Things such as roads, or city infrastructure (water, sewer…) are drastically different cases than health care.  The U.S. Interstate system was built initially primarily for military purposes.  Sometimes roads are built by the private sector also though (toll roads, turnpikes, some bridges…).  Pragmatism can dictate (and this is not always evil) that the government, local or federal, take on some project that is beneficial to all of the society.  The critical distinction between these infrastructural elements to society and a socialized health care system is that no one is ‘hurt’ if a new interstate is built, or you now have water/sewer access to your home/business that was not their before.  Whereas, with health care, substantial harm could be done to the quality of one’s own health on the altar of “social justice” or “equality.”  Laying pavement is much different that a quadruple bypass.  Laying pipe is much different than cancer removal.  In my view, federal-government has the anti-Midas touch.  We all like our roads, but even the DOT is quite a mess.  If the private sector can provide a product that the federal government is monopolizing and disallowing competition, I think a strong case be made (both through sound reason and moral principles) that privitization is the right thing.  Further, I think the burden of proof rests on big government folks and not small government folks.  I see no Bible verses commanding that government be large and tyrannical.  The Biblical burden of proof is on those who play the ever-so-vague “social justice” card.

Evangelicals have shirked and punted many responsibilities to the federal government.  Previously (here and here), I have traced this habit back to the split of Protestantism into liberalism and conservativism (the fundamentalists originally, who are now called evangelicals) .  I do not think it would be all that massive of an undertaking for evangelicals in the country to completely eliminate the foster care system.  This would take 250,000 families adopting one child into their family.  I think this is feasible.  Elders at local churches would vet potential families, and the deacons at those local churches would oversee the transfer of children out of government foster care and into adoption into elder-approved families.  I think the whole process could take less than 10 years.  It is highly idealistic with regards to the current status of American evangelicalism but, in my view, entirely possible.

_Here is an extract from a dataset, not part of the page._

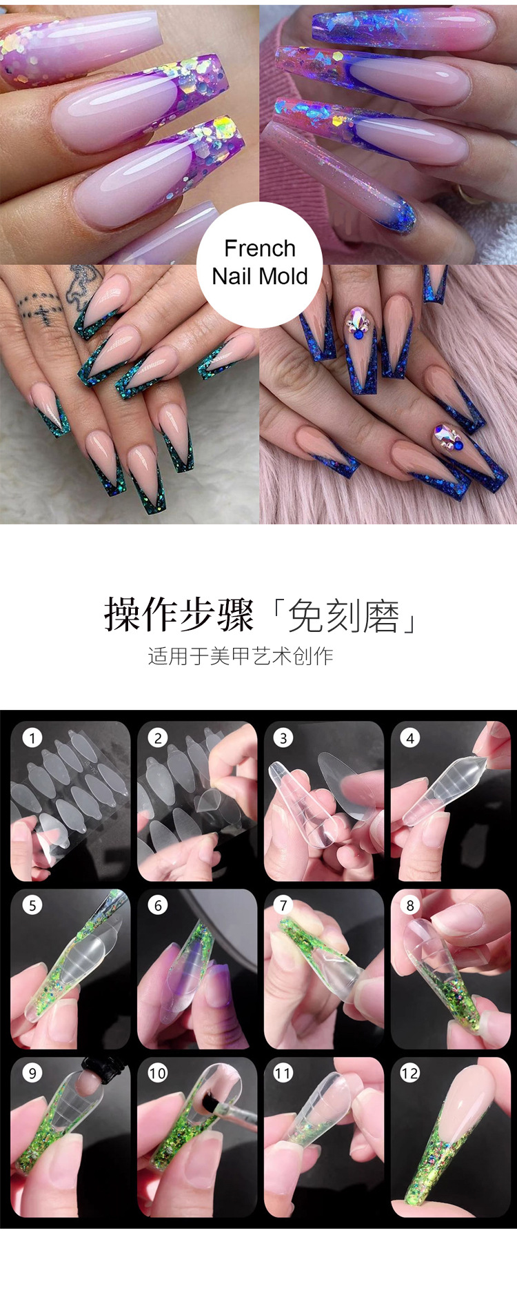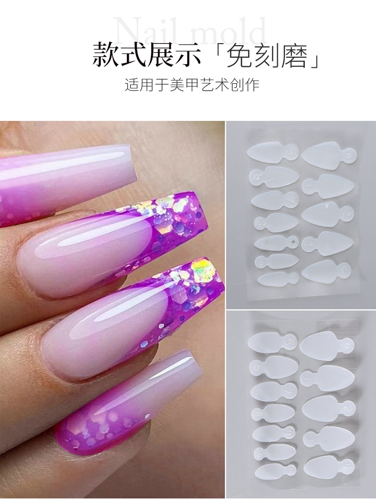 Molde de película de uñas de cristal de uñas popular transfronteriza sin pegamento de extensión de soporte de papel 12 piezas de molde de uñas pegatinas francesas no tallado de silicona de molienda
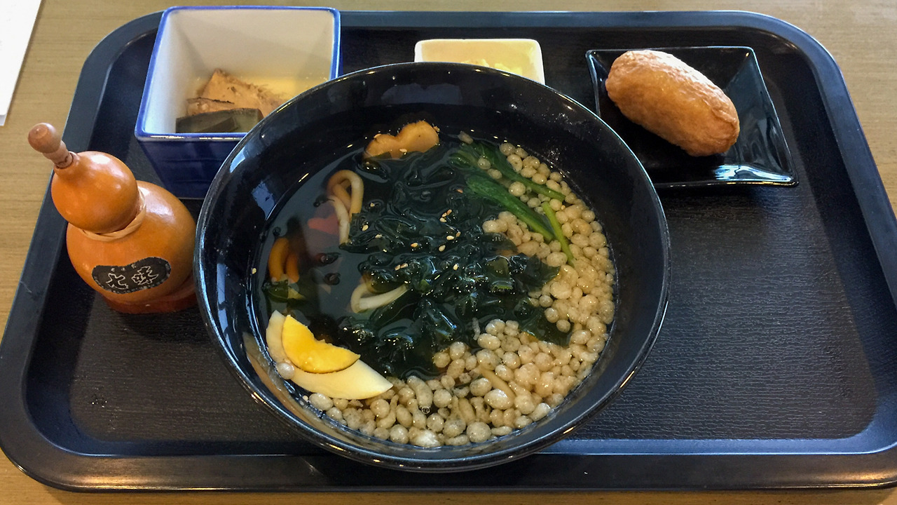 렌터카를 찾고 숙소에 체크인하기 전에 일단 몸을 데우고 속을 풀어야 했다. 가방을 메고, 우산을 쓰고 항구 밖으로 나서다 보니 바로 건물이 하나 보이는데 카페 비슷한 것이 보인다. 일단 가까이 가서 메뉴판을 보니 식사가 가능한 곳이다. 더 생각할 것 없이 자리를 잡고 앉아서 우동을 한 그릇 주문했다. 특별한 맛은 아니었지만 해초가 들어가서 감칠맛이 풍부했고, 따뜻한 국물이 몸을 데워주고 속을 풀어주니,

Unless, non-governmental institutions step-in to provide value-added social care for a nation-state, one runs the risk of the endless march of bigger government and tyranny, as its government continues to expand its power and control by nationalizing previously private businesses and service sectors.   It is one thing to keep a wealthy nation with a small military of 10 million people in check… it is entirely another thing to keep a nation of 350 million (with a strong monopoly of violence) in check.  Evangelicals cannot think that merely voting will stem the tide of bigger government and/or socialism.  If you do not want to see this happen, then I suggest we corporately affirm James 1:27:

Religion that God our Father accepts as pure and faultless is this: to look after orphans and widows in their distress and to keep oneself from being polluted by the world.